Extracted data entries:
..........

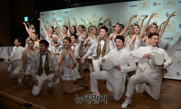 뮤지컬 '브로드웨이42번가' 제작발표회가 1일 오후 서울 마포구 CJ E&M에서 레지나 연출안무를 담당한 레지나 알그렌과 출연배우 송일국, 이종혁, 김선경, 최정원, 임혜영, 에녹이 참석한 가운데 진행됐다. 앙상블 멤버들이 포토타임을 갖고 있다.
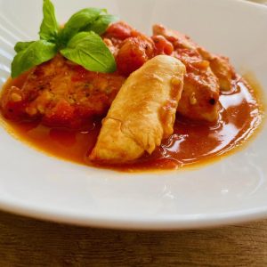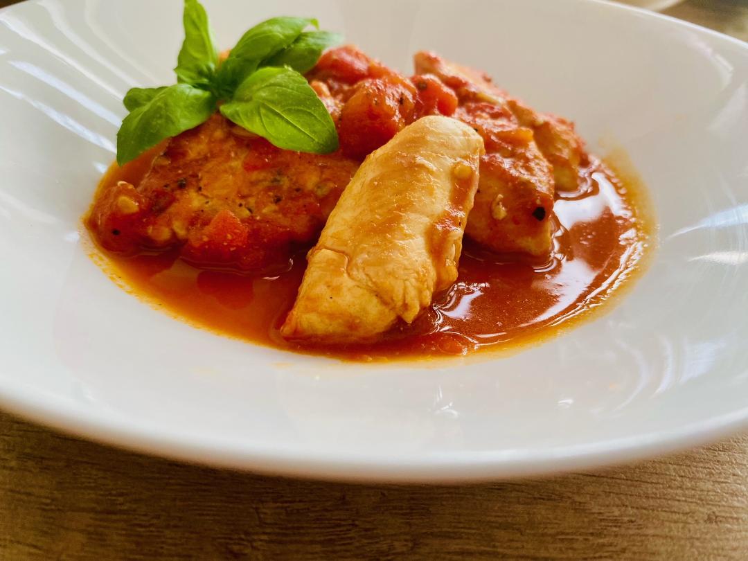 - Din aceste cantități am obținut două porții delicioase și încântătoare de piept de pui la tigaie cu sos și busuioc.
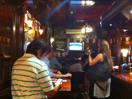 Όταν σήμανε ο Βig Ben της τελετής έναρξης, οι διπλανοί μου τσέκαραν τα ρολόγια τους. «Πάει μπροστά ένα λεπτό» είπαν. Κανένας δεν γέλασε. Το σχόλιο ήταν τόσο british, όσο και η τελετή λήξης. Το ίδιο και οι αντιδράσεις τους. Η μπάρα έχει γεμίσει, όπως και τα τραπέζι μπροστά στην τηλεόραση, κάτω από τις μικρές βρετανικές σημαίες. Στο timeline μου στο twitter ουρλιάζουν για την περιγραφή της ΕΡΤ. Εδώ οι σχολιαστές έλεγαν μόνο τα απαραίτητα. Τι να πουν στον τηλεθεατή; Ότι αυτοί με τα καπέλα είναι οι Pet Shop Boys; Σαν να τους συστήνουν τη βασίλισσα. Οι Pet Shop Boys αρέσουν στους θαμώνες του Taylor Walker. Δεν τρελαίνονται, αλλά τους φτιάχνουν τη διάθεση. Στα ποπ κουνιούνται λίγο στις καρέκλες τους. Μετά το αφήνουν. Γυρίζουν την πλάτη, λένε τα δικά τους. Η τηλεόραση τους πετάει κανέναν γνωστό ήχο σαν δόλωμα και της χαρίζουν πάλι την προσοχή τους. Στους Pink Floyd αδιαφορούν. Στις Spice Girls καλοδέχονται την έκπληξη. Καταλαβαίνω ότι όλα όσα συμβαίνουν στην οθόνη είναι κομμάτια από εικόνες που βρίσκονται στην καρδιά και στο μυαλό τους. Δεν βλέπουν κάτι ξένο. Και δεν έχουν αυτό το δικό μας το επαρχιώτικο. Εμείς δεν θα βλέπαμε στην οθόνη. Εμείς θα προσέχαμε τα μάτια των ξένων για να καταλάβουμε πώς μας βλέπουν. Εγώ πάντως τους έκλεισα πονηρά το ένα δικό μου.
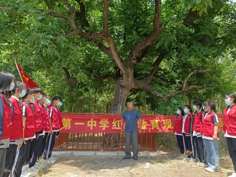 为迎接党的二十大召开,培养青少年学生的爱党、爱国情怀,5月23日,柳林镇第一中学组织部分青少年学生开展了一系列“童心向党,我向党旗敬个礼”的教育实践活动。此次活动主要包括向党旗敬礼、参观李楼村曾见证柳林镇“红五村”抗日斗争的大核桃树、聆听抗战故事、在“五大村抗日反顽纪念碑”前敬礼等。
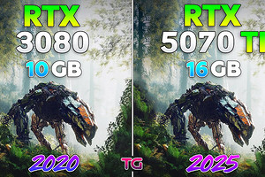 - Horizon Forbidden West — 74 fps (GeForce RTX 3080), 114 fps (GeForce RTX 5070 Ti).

..........

BRIEF: Could you output all of the entries above exactly? Leave the pictures out.

FINISHED TASK:
 뮤지컬 '브로드웨이42번가' 제작발표회가 1일 오후 서울 마포구 CJ E&M에서 레지나 연출안무를 담당한 레지나 알그렌과 출연배우 송일국, 이종혁, 김선경, 최정원, 임혜영, 에녹이 참석한 가운데 진행됐다. 앙상블 멤버들이 포토타임을 갖고 있다.
 - Din aceste cantități am obținut două porții delicioase și încântătoare de piept de pui la tigaie cu sos și busuioc.
 Όταν σήμανε ο Βig Ben της τελετής έναρξης, οι διπλανοί μου τσέκαραν τα ρολόγια τους. «Πάει μπροστά ένα λεπτό» είπαν. Κανένας δεν γέλασε. Το σχόλιο ήταν τόσο british, όσο και η τελετή λήξης. Το ίδιο και οι αντιδράσεις τους. Η μπάρα έχει γεμίσει, όπως και τα τραπέζι μπροστά στην τηλεόραση, κάτω από τις μικρές βρετανικές σημαίες. Στο timeline μου στο twitter ουρλιάζουν για την περιγραφή της ΕΡΤ. Εδώ οι σχολιαστές έλεγαν μόνο τα απαραίτητα. Τι να πουν στον τηλεθεατή; Ότι αυτοί με τα καπέλα είναι οι Pet Shop Boys; Σαν να τους συστήνουν τη βασίλισσα. Οι Pet Shop Boys αρέσουν στους θαμώνες του Taylor Walker. Δεν τρελαίνονται, αλλά τους φτιάχνουν τη διάθεση. Στα ποπ κουνιούνται λίγο στις καρέκλες τους. Μετά το αφήνουν. Γυρίζουν την πλάτη, λένε τα δικά τους. Η τηλεόραση τους πετάει κανέναν γνωστό ήχο σαν δόλωμα και της χαρίζουν πάλι την προσοχή τους. Στους Pink Floyd αδιαφορούν. Στις Spice Girls καλοδέχονται την έκπληξη. Καταλαβαίνω ότι όλα όσα συμβαίνουν στην οθόνη είναι κομμάτια από εικόνες που βρίσκονται στην καρδιά και στο μυαλό τους. Δεν βλέπουν κάτι ξένο. Και δεν έχουν αυτό το δικό μας το επαρχιώτικο. Εμείς δεν θα βλέπαμε στην οθόνη. Εμείς θα προσέχαμε τα μάτια των ξένων για να καταλάβουμε πώς μας βλέπουν. Εγώ πάντως τους έκλεισα πονηρά το ένα δικό μου.
 为迎接党的二十大召开,培养青少年学生的爱党、爱国情怀,5月23日,柳林镇第一中学组织部分青少年学生开展了一系列“童心向党,我向党旗敬个礼”的教育实践活动。此次活动主要包括向党旗敬礼、参观李楼村曾见证柳林镇“红五村”抗日斗争的大核桃树、聆听抗战故事、在“五大村抗日反顽纪念碑”前敬礼等。
 - Horizon Forbidden West — 74 fps (GeForce RTX 3080), 114 fps (GeForce RTX 5070 Ti).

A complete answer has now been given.